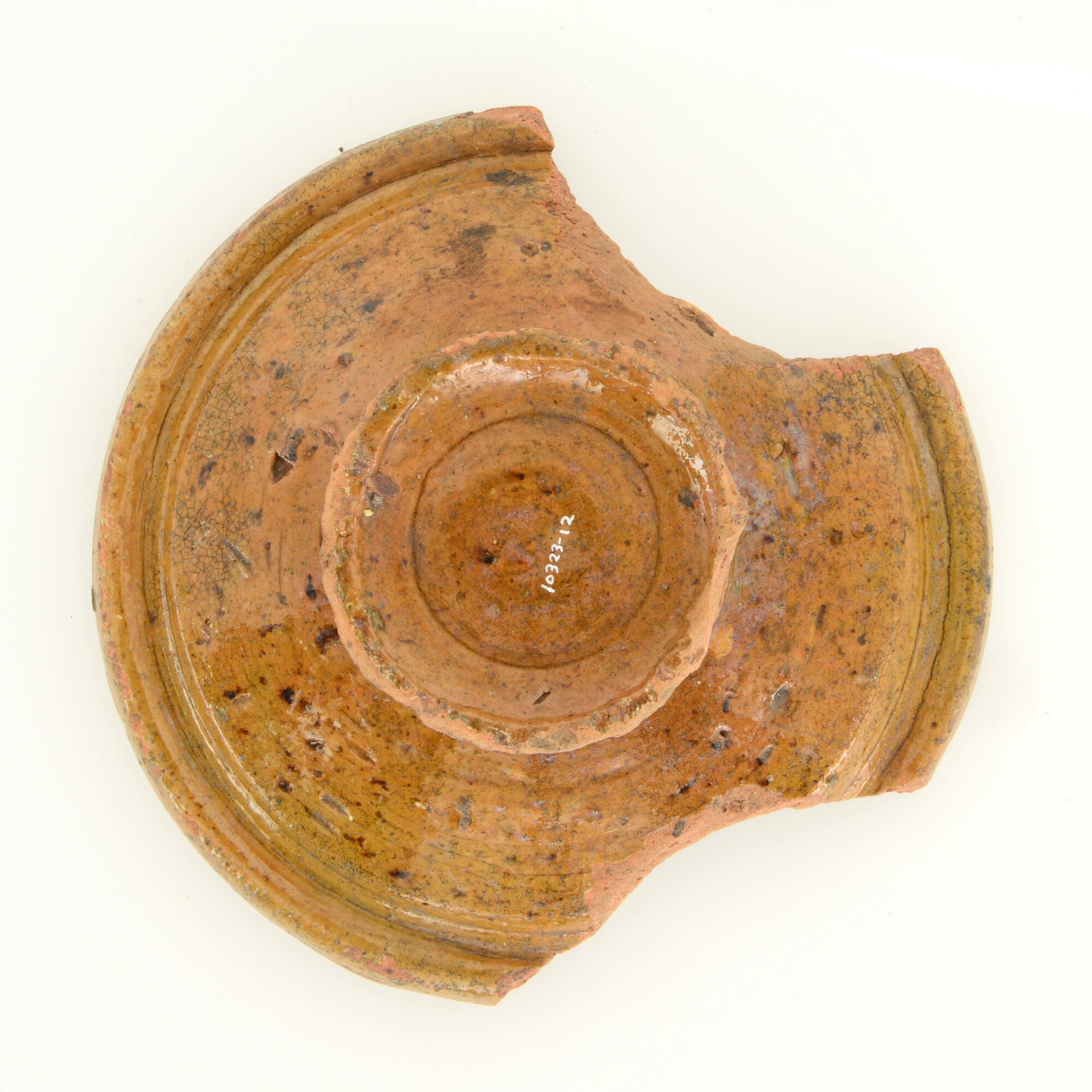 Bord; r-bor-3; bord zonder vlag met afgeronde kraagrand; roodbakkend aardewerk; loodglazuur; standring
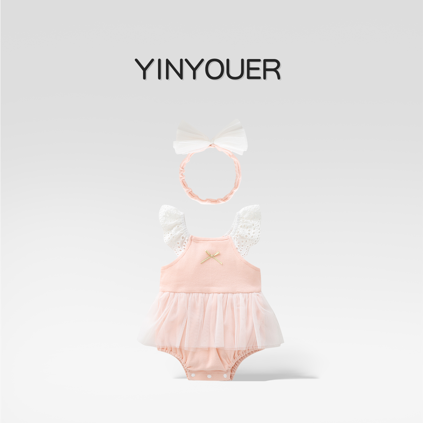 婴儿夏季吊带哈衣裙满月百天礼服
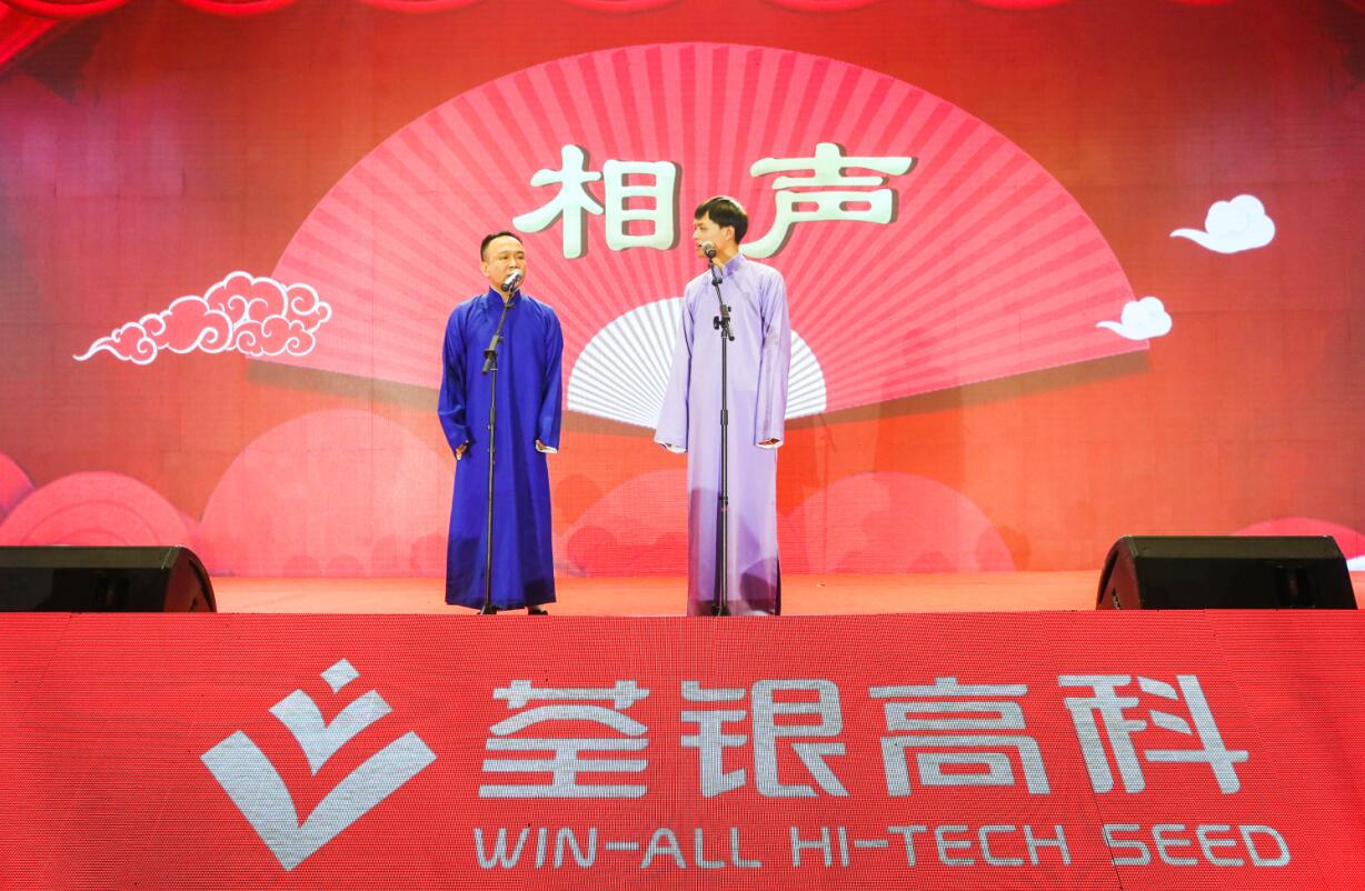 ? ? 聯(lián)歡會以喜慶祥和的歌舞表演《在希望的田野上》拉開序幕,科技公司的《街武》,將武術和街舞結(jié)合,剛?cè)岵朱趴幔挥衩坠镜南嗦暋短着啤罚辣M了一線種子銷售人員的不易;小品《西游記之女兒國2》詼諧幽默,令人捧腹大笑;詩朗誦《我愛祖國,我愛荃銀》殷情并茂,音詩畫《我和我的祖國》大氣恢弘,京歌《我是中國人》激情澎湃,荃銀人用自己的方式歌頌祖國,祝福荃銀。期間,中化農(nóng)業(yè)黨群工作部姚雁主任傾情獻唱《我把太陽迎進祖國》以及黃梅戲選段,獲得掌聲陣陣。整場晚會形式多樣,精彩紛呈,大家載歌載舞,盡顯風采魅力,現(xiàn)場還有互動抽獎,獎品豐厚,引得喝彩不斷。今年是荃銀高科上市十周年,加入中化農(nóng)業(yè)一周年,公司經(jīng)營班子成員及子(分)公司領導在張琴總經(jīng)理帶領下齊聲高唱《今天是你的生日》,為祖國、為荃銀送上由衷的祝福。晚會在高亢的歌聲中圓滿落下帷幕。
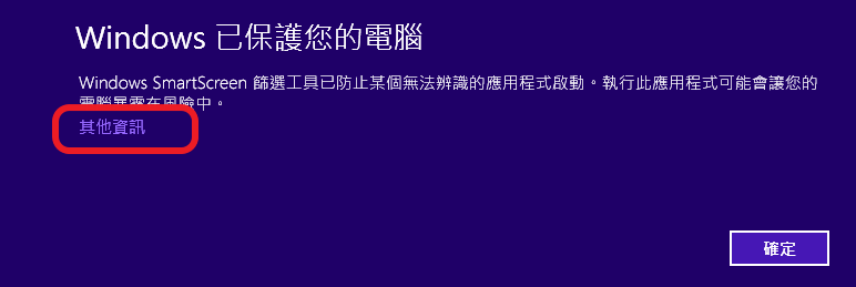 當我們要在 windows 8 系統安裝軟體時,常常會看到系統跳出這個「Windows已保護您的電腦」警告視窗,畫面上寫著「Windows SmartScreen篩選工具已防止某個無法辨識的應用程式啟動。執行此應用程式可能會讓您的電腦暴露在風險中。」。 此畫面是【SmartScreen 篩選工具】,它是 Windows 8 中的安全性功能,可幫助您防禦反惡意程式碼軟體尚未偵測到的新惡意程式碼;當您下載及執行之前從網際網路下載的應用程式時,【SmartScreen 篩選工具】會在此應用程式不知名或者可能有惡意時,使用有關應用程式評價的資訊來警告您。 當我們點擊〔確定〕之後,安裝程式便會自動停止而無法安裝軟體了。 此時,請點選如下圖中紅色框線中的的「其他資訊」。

* * *

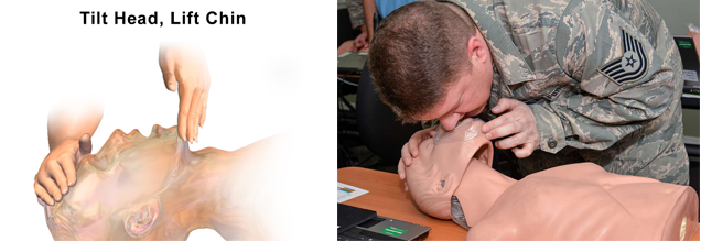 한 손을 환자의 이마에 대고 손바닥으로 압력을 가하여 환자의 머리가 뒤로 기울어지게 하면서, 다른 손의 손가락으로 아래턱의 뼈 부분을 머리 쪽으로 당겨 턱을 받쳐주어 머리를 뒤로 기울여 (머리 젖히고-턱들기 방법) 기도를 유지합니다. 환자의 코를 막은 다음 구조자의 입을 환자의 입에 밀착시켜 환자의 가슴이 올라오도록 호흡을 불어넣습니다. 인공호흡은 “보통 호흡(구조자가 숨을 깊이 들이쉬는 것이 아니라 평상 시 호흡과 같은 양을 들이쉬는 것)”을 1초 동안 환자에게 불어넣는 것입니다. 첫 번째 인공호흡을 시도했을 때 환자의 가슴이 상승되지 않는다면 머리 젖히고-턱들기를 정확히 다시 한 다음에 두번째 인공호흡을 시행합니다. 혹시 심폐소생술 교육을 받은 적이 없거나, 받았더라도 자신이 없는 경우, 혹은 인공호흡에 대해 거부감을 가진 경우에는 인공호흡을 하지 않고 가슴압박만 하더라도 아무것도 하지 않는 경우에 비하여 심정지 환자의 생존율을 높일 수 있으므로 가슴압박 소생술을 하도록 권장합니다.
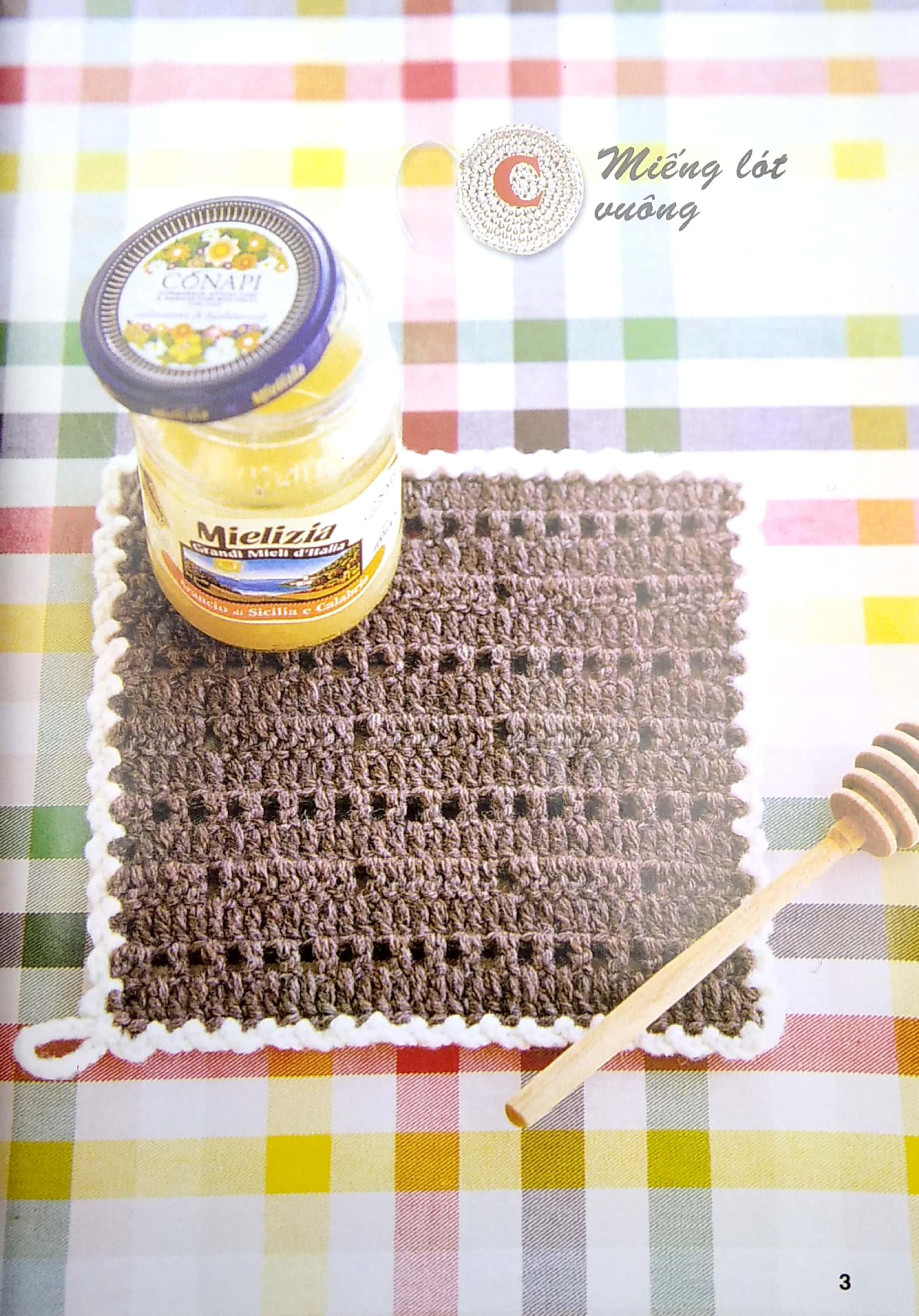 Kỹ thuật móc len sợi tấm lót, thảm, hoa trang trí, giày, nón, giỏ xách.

> What needs to be done
In the data above, find the line containing "Bord; r-bor-3; bord" and the line containing "婴儿夏季吊带哈衣裙满月百天礼服". Copy exactly the stretch from the first through the second, both included, leaving out any picture.

> Answer section
 Bord; r-bor-3; bord zonder vlag met afgeronde kraagrand; roodbakkend aardewerk; loodglazuur; standring
 婴儿夏季吊带哈衣裙满月百天礼服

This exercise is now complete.